Data for processing: Begin
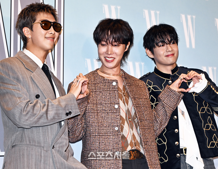 Os membros do BTS RM, J-Hope e V posam para uma foto no evento beneficente "W Korea 20th Breast Cancer Awareness Campaign", realizado no Four Seasons Hotel em Dangju-dong, Seul, na tarde do dia 15.
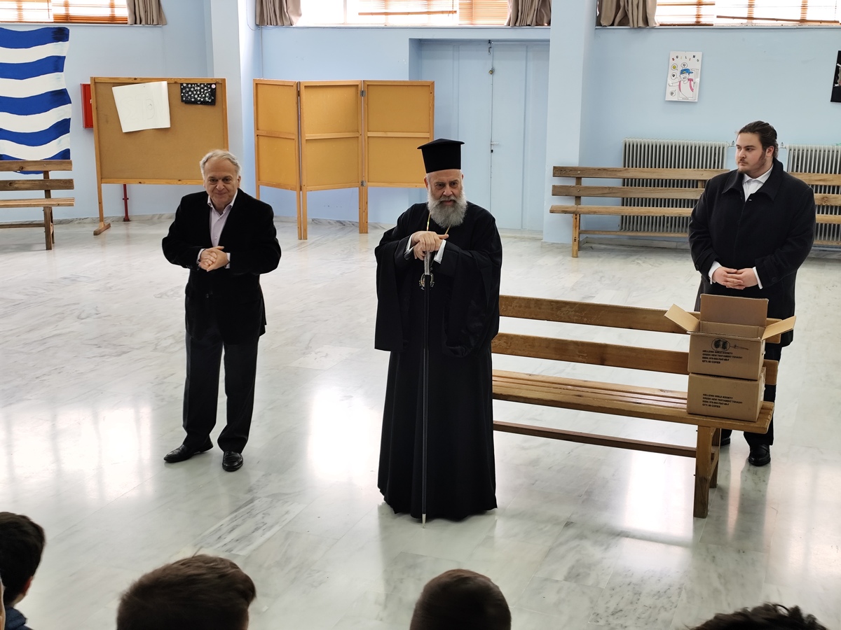 Τον Σεβασμιώτατο υποδέχτηκε ο διευθυντής της σχολικής μονάδος. Ακολούθησε εποικοδομητική συζήτηση με τους μαθητές της πρώτης γυμνασίου, στους οποίους διένειμε τευχίδιο της Καινής Διαθήκης ως ευλογία.
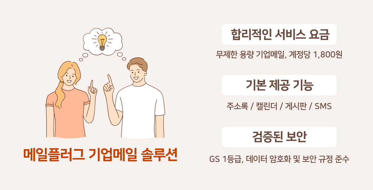 저희 메일플러그는 무제한 용량 + GS 1등급으로 검증된 기업메일,
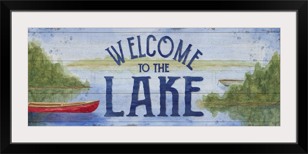 <p>"Welcome To The Lake" and a watercolor painting of a boat on a lake with a wood panel effect.</p>
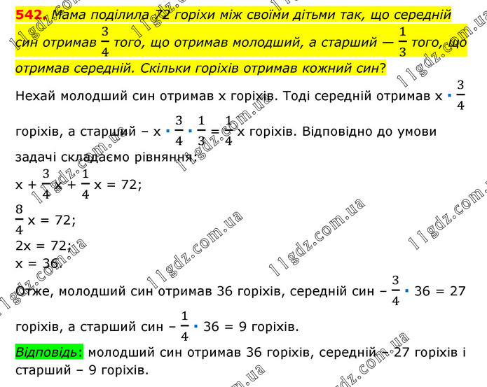 Мама поділила 72 горіхи між своїми дітьми так, що середній син отримав 3/4 того, що отримав молодший, а старший — 1/3 того, що отримав середній. Скільки горіхів отримав кожний син? Нехай молодший син отримав х горіхів. Тоді середній отримав х ∙ 3/4 горіхів, а старший – х ∙ 3/4 ∙ 1/3 = 1/4 х горіхів. Відповідно до умови задачі складаємо рівняння: х + 3/4 х + 1/4 х = 72; 8/4 х = 72; 2х = 72; х = 36. Отже, молодший син отримав 36 горіхів, середній син – 3/4 ∙ 36 = 27 горіхів, а старший син – 1/4 ∙ 36 = 9 горіхів. Відповідь: молодший син отримав 36 горіхів, середній – 27 горіхів і старший – 9 горіхів.
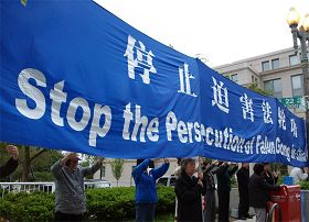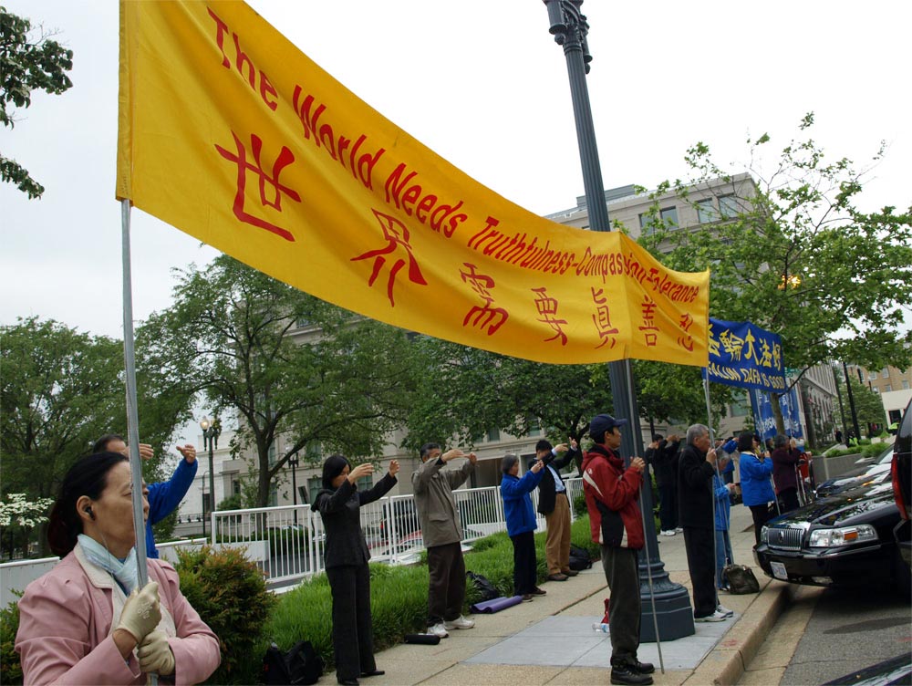 法轮功学员手举写有“法轮大法好”、“世界需要真善忍”、“停止迫害法轮功”等的中、英文横幅,还有一些学员静静地炼功。
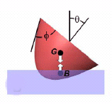 A paraboloid with a very low relative density will float with its base parallel to and just below the fluid surface. As the relative density increases, the paraboloid sinks into the liquid, then begins to tilt. At a critical density and tilt angle, its base becomes only partially submerged, and the paraboloid topples onto its side.
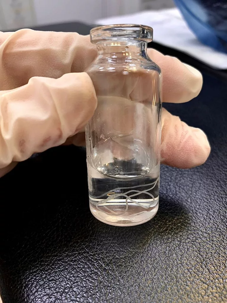 После того, как воспаление вскрыли, извлекли червя Dirofilaria repens. Этими паразитами человек может заразиться через укус комаров.
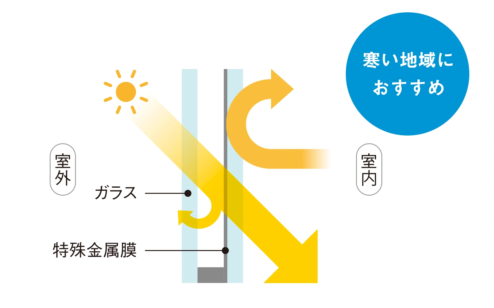室内側のガラスをLow-E膜でコーティングしており、断熱効果を高めながら、日射熱を取り込みやすく。
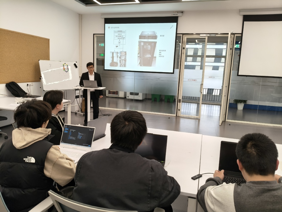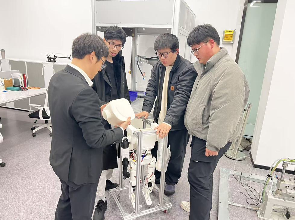 实训中,机械组在潘国威老师带领下,完成机器人结构理论学习、有限元仿真验证,通过 3D 打印等技术完成机械结构实物制作;运动仿真与控制组由虞晴老师指导,开展运动学相关理论学习,完成机器人运动学建模与多部位运动控制;焦洋老师带领的软件组掌握云控平台架构,完成平台核心功能开发,优化通信协议与界面交互,实现云边协同控制。
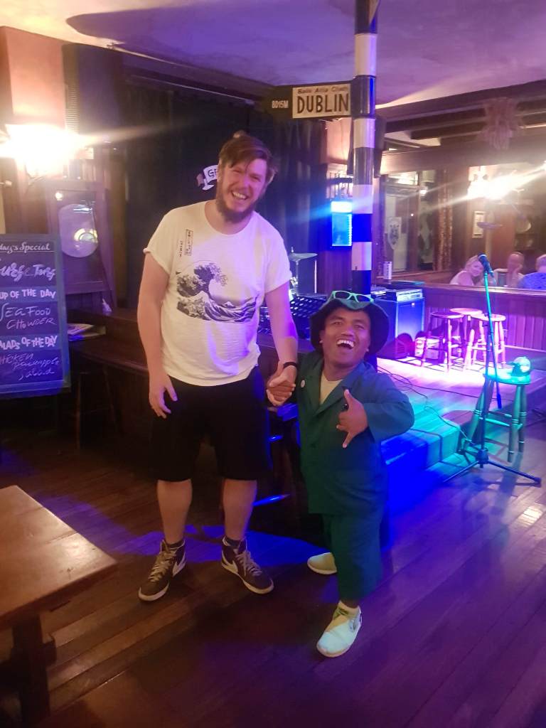 Still holding up the rear ! Full marks for location; hidden on the Australian island of Bali , somewhere in a gated residence is ‘Gracie O Reilly’s’ . Gracie’s is nothing to write home about, save for the fact it is frequented by an actual Balinese leprechaun called ‘Famous Seamus’ who reads the bingo numbers in a flawless Northside Dublin accent ( see pic above ; Seamus is on the right) .Which I wrote home about! One hopes he is still there, reading an unending cavalcade of bingo numbers into all eternity like an Ingmar Bergman scene. Read more, here:https://publicanenemy.com/2018/0
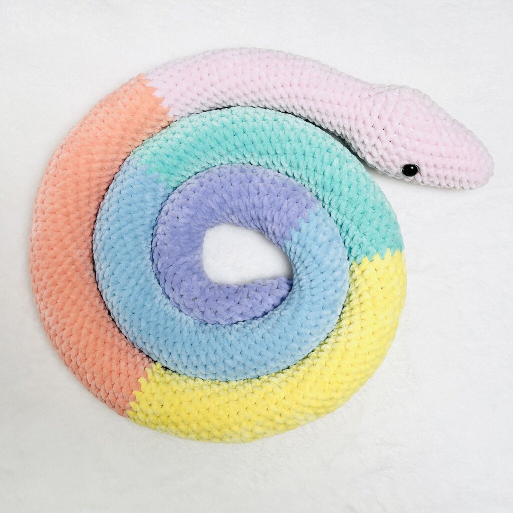 Crochet stuffed snake Made with chenille yarn (polyester). Spot clean as needed. Approx 84" long
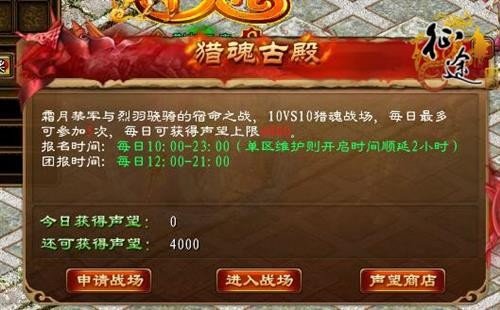 前不久推出的“猎魂古殿”战场,因PK刺激、奖励丰厚受到玩家普遍喜爱。无数玩家为了每日能够获得4000点声望,在古殿内展开一场又一场冰与火之间的较量。
Data for processing: End
*Exercise details:*
Reproduce the lines from the one holding "A paraboloid with" through the end of the entries above exactly, keeping both ends and dropping every picture.

*Solution for this task:*
 A paraboloid with a very low relative density will float with its base parallel to and just below the fluid surface. As the relative density increases, the paraboloid sinks into the liquid, then begins to tilt. At a critical density and tilt angle, its base becomes only partially submerged, and the paraboloid topples onto its side.
 После того, как воспаление вскрыли, извлекли червя Dirofilaria repens. Этими паразитами человек может заразиться через укус комаров.
室内側のガラスをLow-E膜でコーティングしており、断熱効果を高めながら、日射熱を取り込みやすく。
 实训中,机械组在潘国威老师带领下,完成机器人结构理论学习、有限元仿真验证,通过 3D 打印等技术完成机械结构实物制作;运动仿真与控制组由虞晴老师指导,开展运动学相关理论学习,完成机器人运动学建模与多部位运动控制;焦洋老师带领的软件组掌握云控平台架构,完成平台核心功能开发,优化通信协议与界面交互,实现云边协同控制。
 Still holding up the rear ! Full marks for location; hidden on the Australian island of Bali , somewhere in a gated residence is ‘Gracie O Reilly’s’ . Gracie’s is nothing to write home about, save for the fact it is frequented by an actual Balinese leprechaun called ‘Famous Seamus’ who reads the bingo numbers in a flawless Northside Dublin accent ( see pic above ; Seamus is on the right) .Which I wrote home about! One hopes he is still there, reading an unending cavalcade of bingo numbers into all eternity like an Ingmar Bergman scene. Read more, here:https://publicanenemy.com/2018/0
 Crochet stuffed snake Made with chenille yarn (polyester). Spot clean as needed. Approx 84" long
 前不久推出的“猎魂古殿”战场,因PK刺激、奖励丰厚受到玩家普遍喜爱。无数玩家为了每日能够获得4000点声望,在古殿内展开一场又一场冰与火之间的较量。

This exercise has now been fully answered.